From our ongoing conversations with Native leaders, we were made aware of the fact that the Native community in New York still does not have a permanent home on the very land that is theirs. The community, which represents Indigenous Peoples who come from many different Tribes and Nations all over the country, has no space that is theirs to use for ceremonies, events, or simply as a gathering space. Thus, as part of our effort to engage in reparations and reconciliation with the Native community in New York, NorthLight has committed to leveraging not only our philanthropic dollars but moreover our connections to the larger philanthropic community to secure a permanent space for the NY-based Indigenous community.
While NorthLight’s responsibility to repair harm with Indigenous folks is rooted in the foundation’s unique history and connection to settler-colonialism, the Native community’s call for land return extends beyond NorthLight’s capacity as an individual foundation to locate and/or donate urban space and requires more collective action. This is why we are working to bring together a group of committed funders and individual donors, along with Native partners, to pool our collective knowledge, networks, and resources to help find a permanent space for the NY-based Indigenous community. We’re calling this nascent effort the Land Back Action Circle, to emphasize that decolonization necessitates meaningful and active engagement with the Native community.

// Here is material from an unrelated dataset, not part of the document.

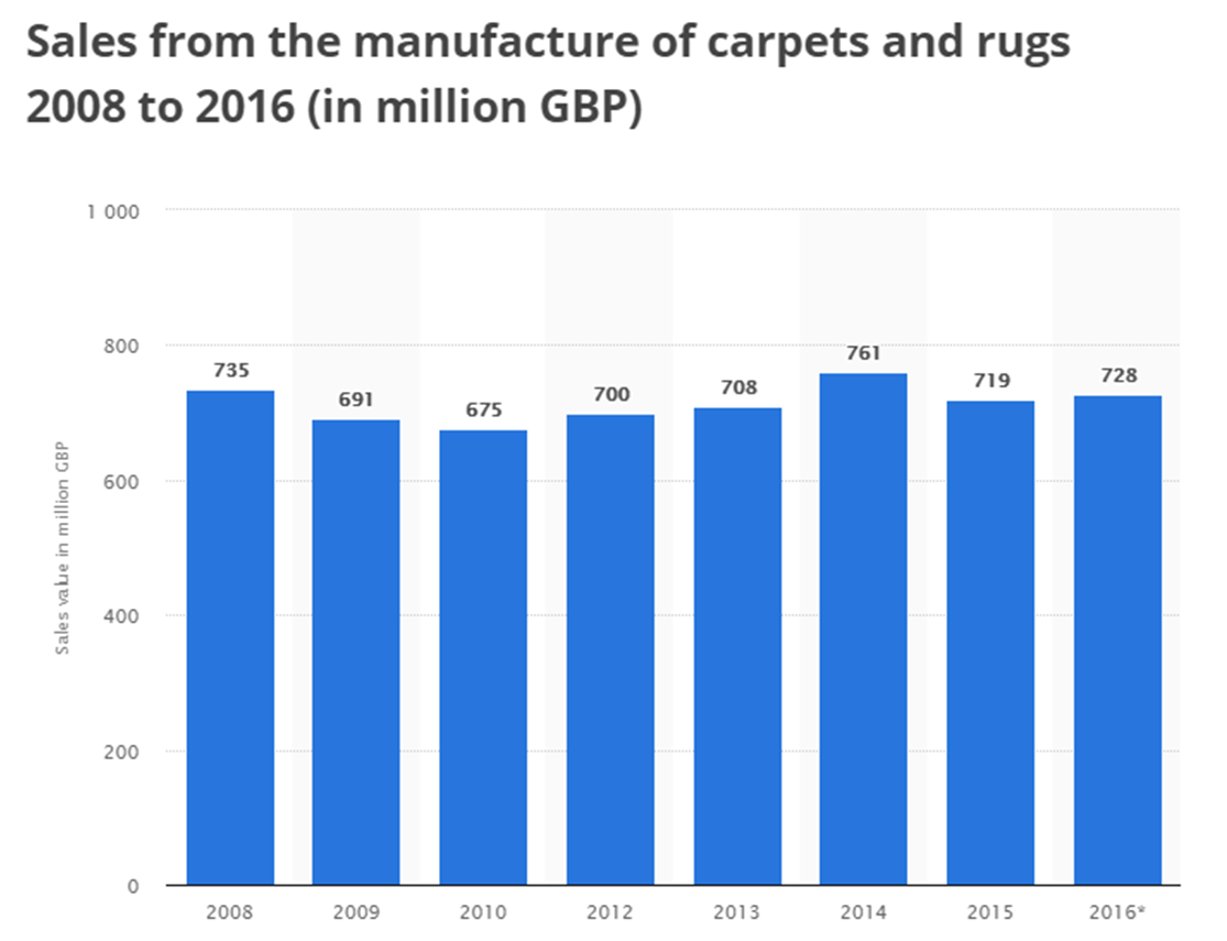 En cuanto a la situación del sector, es muy interesante el hábito consumista que impera en el Reino Unido en productos del hogar. Una de las razones es que los británicos, junto con los nórdicos, son de los europeos que más horas pasan al día en su hogar. La venta de moquetas en Reino Unido, por ejemplo, es un sector muy defensivo y estable, que apenas ha crecido desde el 2008, pero que no se ha visto afectado durante el periodo de la última la crisis económica. En el 2016 generaba un total de 728 millones de libras esterlinas.

This is what decolonization should look like: a fundamental shift in how we, as a foundation, engage with the concept of “philanthropy” in a way that transcends the flow of money from foundation to grantee. Instead, philanthropy can be used as a tool to shift power to communities that have systematically been disempowered in order to heal generations of trauma and facilitate a liberated future.
If you work for a foundation that has begun to engage in a decolonization process or are thinking of doing so, we invite you to join us in this work. We offer our journey as an example, or at the very least as inspiration to begin asking questions about what decolonization might look like at your foundation. Our most recent Environmental Grantmakers Association Fellow, Tiana Wilson-Blindman, Oglala Lakota, developed this Land Acknowledgement Toolkit to guide funders through the land acknowledgment process.
If you are a New York-based funder, we invite you to build relations with the local Native community by joining our Land Back Action Circle. If you’d like to begin with a peer-to-peer conversation, please reach out to Celia Bottger or Kate Sinding Daly; we would love to connect.
1While there remain differing opinions among scholars and authors on the capitalization of “White,” I have chosen to capitalize it to racialize the White identity, and to affirm that Whiteness is an American racial identity just as Blackness is, with a history that must not be neutralized or diminished with a lower case “w.” These articles by Kwame Anthony Appiah and Nell Irvan Painter, and this tweet by Dr. Ibram X. Kendi offer further rationale for capitalizing the “W” in White.